AI-Driven Threat Detection and Response for Healthcare: Securing Patient Data in Cloud Environments
Author(s):
Anjan Gundaboina
Several healthcare organizations have started adopting cloud services, which has led to the emergence of this issue, with patient data privacy and security being the most crucial. Current conventional security operating models are more reactive and based on rules that do not suffice in the case of new and more complex threats in large systems dealing with big data from EHRs, connected smart devices, and heavily used patient care access.
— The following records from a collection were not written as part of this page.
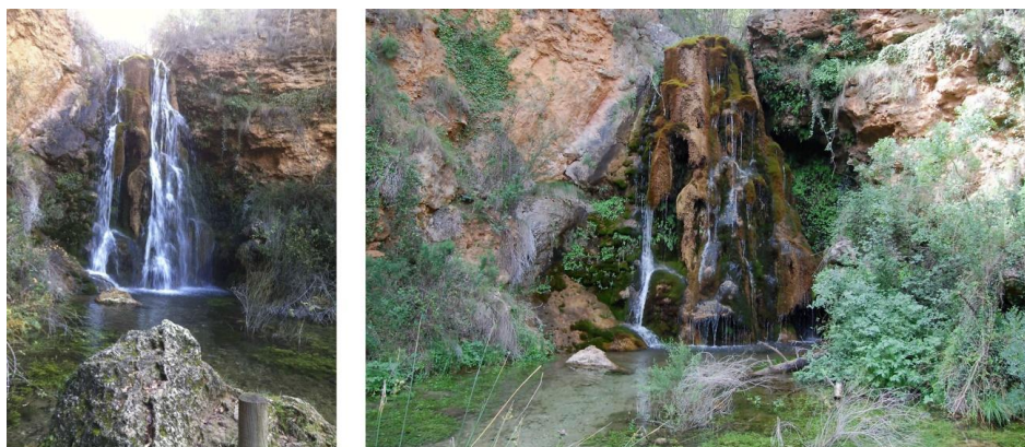
Fig. 2: Cascada del batán (Bogarrra, 2019).

Sus calles, antiguas y empinadas, conservan el carácter serrano de estas tierras, mostrando en cada recodo un elemento popular, desde las galerías a las paredes que se levantan en la roca viva, de fuerte tradición árabe, que invitan al visitante a adentrarse por ellas y descubrir rincones de gran belleza.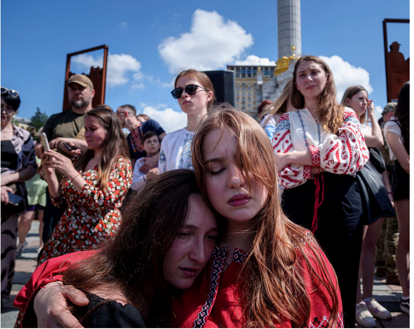
2024年6月2日，烏克蘭基輔，獨立廣場舉行的追悼會上，群眾們互相擁抱。

2024年8月7日，烏克蘭對俄羅斯庫爾斯克地區（Kursk Oblast）發動 出人意料的進攻 ，到現在已有三週，隨着前線逐步從運動戰轉入相對靜態的階段，戰爭迷霧也逐漸消散，外界對整個行動的觀察有了更多的信息與把握。另一方面，由於烏克蘭將大量部隊與裝備轉向這一攻勢，頓巴斯前線的狀況加速惡化。俄軍前鋒已經抵達重要的後勤與交通樞紐波洛夫斯克（Pokrovsk）。一旦該城陷落，烏克蘭在頓巴斯地區最後的主要人口中心克拉瑪托爾斯克綜合體（kramatorsk agglomeration），就將暴露在俄軍的攻勢之下。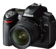
▲ 尼康 D70S 610万像素(专业)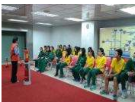
校外教學防災宣導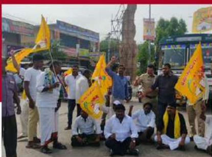
గుంతకల్లులో రోడ్డుపై బైరాయింపు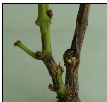
Φόμοψη . Προσβεβλημένη κλιματίδα (δεξιά) και μόλυνση νεαρού βλαστού την άνοιξη (αριστερά).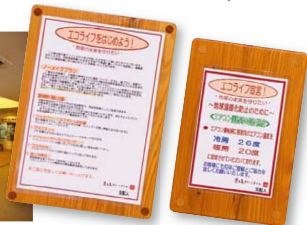
各客室に掲示している「エコライフ宣言」

屋久島グリーンホテルでは、照明設備の間引きや、点灯・消灯時間の管理を徹底しています。また、連泊客向けのノーマイクプランを推進するとともに、空調機器の温度設定などについて「エコライフ宣言」として掲示し、宿泊客に協力を呼びかけるなど、事業所が一体となって、できることから省エネルギー対策に取り組んでいます。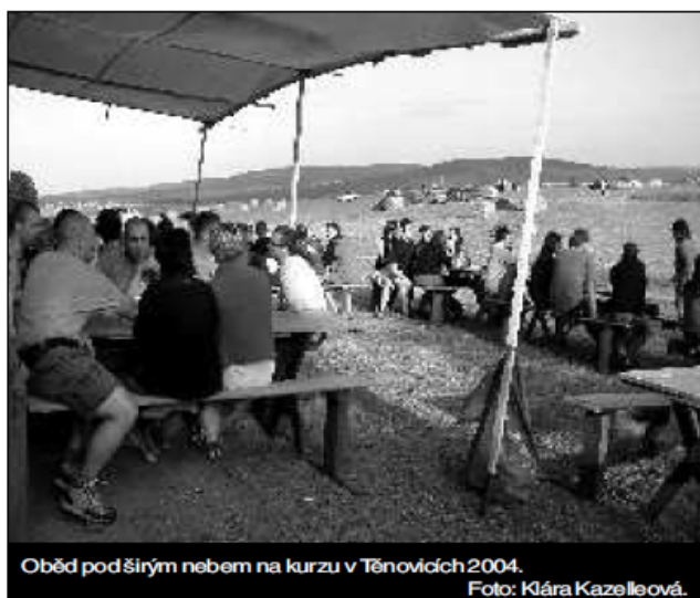
Oběd pod širým nebem na kurzu v Těnovicích 2004.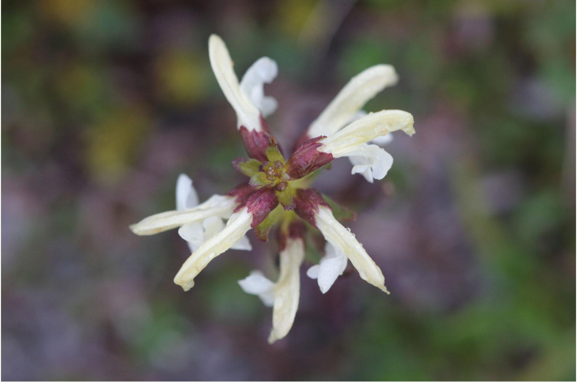
575 - Pedicularia lapponica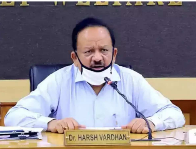
ધોરણે રસી આપવા માટે વિવિધ માપદંડો વિકસાવ્યા છે, જે મુજબ પ્રાથમિકતાના ધોરણે કોરોના સામે લડવામાં સૌથી વધુ જોખમ હોય તેવા ડોક્ટર્સ, નર્સ, પોલીસ સહિત ફંટલાઈન વોરિયર્સને પહેલાં કોરોનાની રસી અપાશે. ભારતમાં ૨૭ કરોડથી વધુ લોકોને રસી આપવાની સરકારની યોજના છે. ફંટલાઈન વોરિયર્સ ઉપરાંત ડાયાબિટીસ, ડોક્ટર્સ, નર્સ, પોલીસ સહિત ફંટલાઈન વોરિયર્સને પહેલાં કોરોનાની રસી અપાશે. ભારતમાં ૨૭ કરોડથી વધુ લોકોને રસી આપવાની સરકારની યોજના છે. ફંટલાઈન વોરિયર્સ ઉપરાંત ડાયાબિટીસ, અસાધ્ય બિમારી, શ્વાસોચ્છ્વાસની બીમારી ધરાવતા લોકોને પહેલાં રસી આપવામાં આવશે.

અથવા અન્ય ગંભીર બીમારીથી પીડિત લોકો હશે. સ્વાસ્થ્ય મંત્રીએ લોકોને અફવાઓ પર ધ્યાન ન આપવાની અપીલ કરી છે. આ પહેલા પ્રધાનમંત્રી મોદીએ પણ વેક્સિનને લઈને અફવાઓથી બચવાની ભલામણ કરી હતી. હર્ષવર્ધને કહ્યું, હું લોકોને અપીલ કરું છું કે અફવાઓ પર ધ્યાન ન આપે. વેક્સિનની સુરક્ષા અને તેની ઉપયોગિતા સુનિશ્ચિત કરવી અમારી પ્રથમ પ્રાથમિકતા છે. કેન્દ્રીય સ્વાસ્થ્ય મંત્રી હર્ષવર્ધને શનિવારે દિલ્હીના ચુરુ તેગબહાદુર હોસ્પિટલમાં પહોંચીને કોરોના વેક્સિનના ડ્રાઈ રનનું નિરીક્ષણ કર્યું હતું. જણાવી દઈએ કે દેશના તમામ રાજ્યો અને કેન્દ્ર શાસિત પ્રદેશોમાં કુલ ૧૧૬ જિલ્લામાં કોરોના વેક્સિનનું ડ્રાઈ રન કરવામાં આવ્યું હતું. આ માટે કુલ ૨૫૯ વેક્સિનેશન બૂથ બનાવવામાં હતા. હકીકતમાં ડ્રાઈ રનમાં કોઈ વેક્સિનનો ઉપયોગ કરવામાં નથી આવી રહ્યો પરંતુ માત્ર તેની તપાસ કરવામાં આવી રહી છે કે વેક્સિનેશન માટે બનાવવામાં આવેલી યોજના કેટલી ઉપયોગી છે. ભારતમાં કોરોનાની રસીની આતુરતા પૂર્વક રાહ જોવાઈ રહી છે અને નિષ્ણાતોની પેનલે શુક્રવારે એક બેઠકમાં ઓક્સફર્ડ-એસ્ટ્રાજેનેકાની રસીને મંજૂરી આપી દીધી છે ત્યારે એઈમ્સના રિસેક્ટર ડૉ. રણદીપ ગુલેરિયાએ જણાવ્યું હતું કે, રસીના પહેલા અને બીજા ડોઝ વચ્ચે ૨૮ દિવસનું અંતર સલામત છે. ડૉ. ગુલેરિયાએ જણાવ્યું હતું કે, નિષ્ણાતોની સમિતિના અધ્યક્ષ તરીકે અમે પ્રાથમિકતાના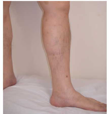
高周波焼却術 2 年後

2011年までは次に述べる大伏在静脈除去術が標準的な治療法でしたが、2011年1月より980nm半導体レーザーによる血管内焼灼術が保険適応となりました。しかし、この治療では手術後の痛みや皮下出血が問題となっていました。これらの合併症を改善した14700nm半導体レーザーと高周波（ラジオ波）による2種類の機器による血管内焼灼術が2014年6月に認可されました。当院では2015年10月より高周波による血管内焼灼術を開始し、これまで97名の患者さんに治療を行い良好な結果を得ています。この治療により手術に伴う傷が随分小さくなりました。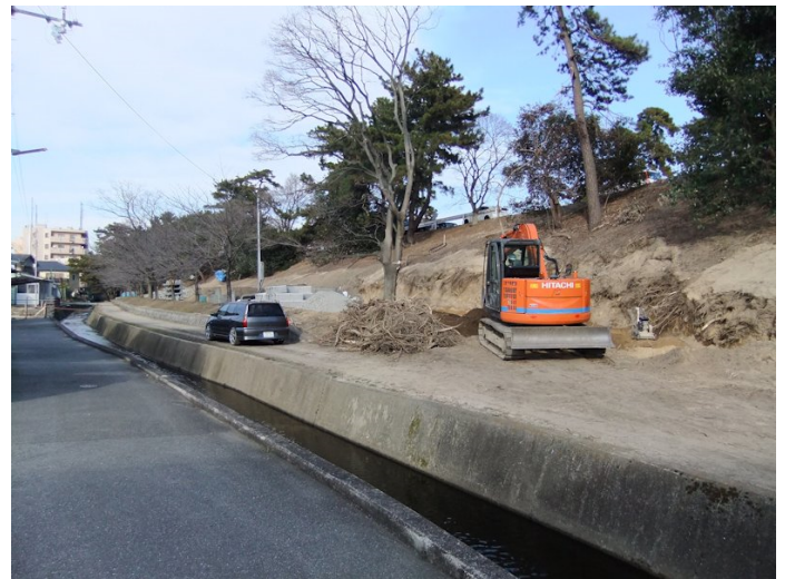
⑩樋ノ口町のドレーン工法工事現場。

This paper provides a detailed overview of threat detection and response systems in the healthcare sector through the help of a powerful Artificial Intelligence system. The system utilizes ML models trained on past intrusion data from cloud-native services such as Amazon SageMaker, AWS GuardDuty, and Macie. It performs realtime threat detection on the client’s network and responds to them effectively while adhering to HIPAA standards. Such technological components consist of Federated Learning, an advanced method of training Machine Learning models without compromising the data owner’s privacy, Behavioural Biometrics as an improved method of identification and authentications, and Blockchain technology to provide an unchanging record of events. Realizations of the framework were performed based on both artificial and real datasets of a hospital to show that it outperforms traditional systems with 97.2% average detection accuracy, 70% less false positive rates, and saved hours, whereas the meantime for threat detection was reduced to seconds. The study also discusses AI’s use in real-time compliance monitoring, eradicating compliance issues and operational expenses. There exist great prospects for the further improvement of health care information security utilizing AI as an instrument for advances in early, continuous, and scalable actualisation of patient data’s cloud; as for other considerable further studies, there are tendencies in explainable models, intelligence federation, and quantum insensitivity of information protection.